Its multi-process rather than multi-threaded design provides the same isolation capabilities found in operating systems. It turns each tab into an independent application environment with its own controls and URL box.

Lachal said this design prevents tabs from crashing the whole browser and enables them to move not just within the browser but also out to their own window. Chrome also features Google Gears technology to make online applications available offline.

Lachal agrees with Cullen’s analysis that the main target of Chrome is Microsoft, not Mozilla Foundation, but doesn’t believe it will challenge Mozilla’s Firefox.

“Chrome challenges not just Microsoft’s IE browser (especially in the mobile browser space – on the desktop space it simply makes the forthcoming IE version 8 look much less inspiring) but also its Windows desktop (by supporting richer web applications less dependent on standard OSs).

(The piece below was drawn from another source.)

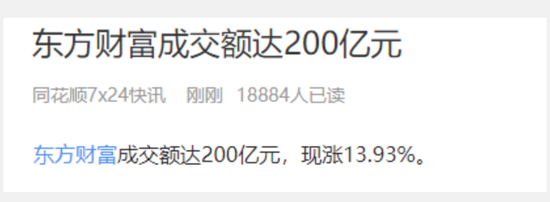 东财如此表现,也令竞争对手同花顺兴奋不已,同花顺平台盘中发布了东财成交破200亿的快讯,好一波“商业互吹”。

“Chrome is much less of a challenge to Mozilla Foundation’s Firefox browser. Its release comes a few days after Google renewed its partnership deal with the foundation, effectively funding it for another three years until November 2011. Mozilla’s main challenge (to grow independent from Google’s funding) remains unchanged.

“The foundation now has more time to get its act together in a market that, owing to Chrome, could become not just more competitive but also more open source browser friendly. Eventually Chrome and Firefox could converge, but at the moment two strong players (Chrome with Google’s mindshare as well as marketing and financial muscle, and Firefox with its market share lead and ecosystem) have more chance against Microsoft than one.”

Lachal said Chrome is only an experiment, in line with Google’s usual approach to try various offerings and see which ones stick – many became resounding successes; others remain complete fiascos.

“It is too early to see which category Chrome will eventually find itself in. We expect success but it will be much more gradual and slow than most suppose and more likely in the mobile browser space than in the desktop one,” Lachal said.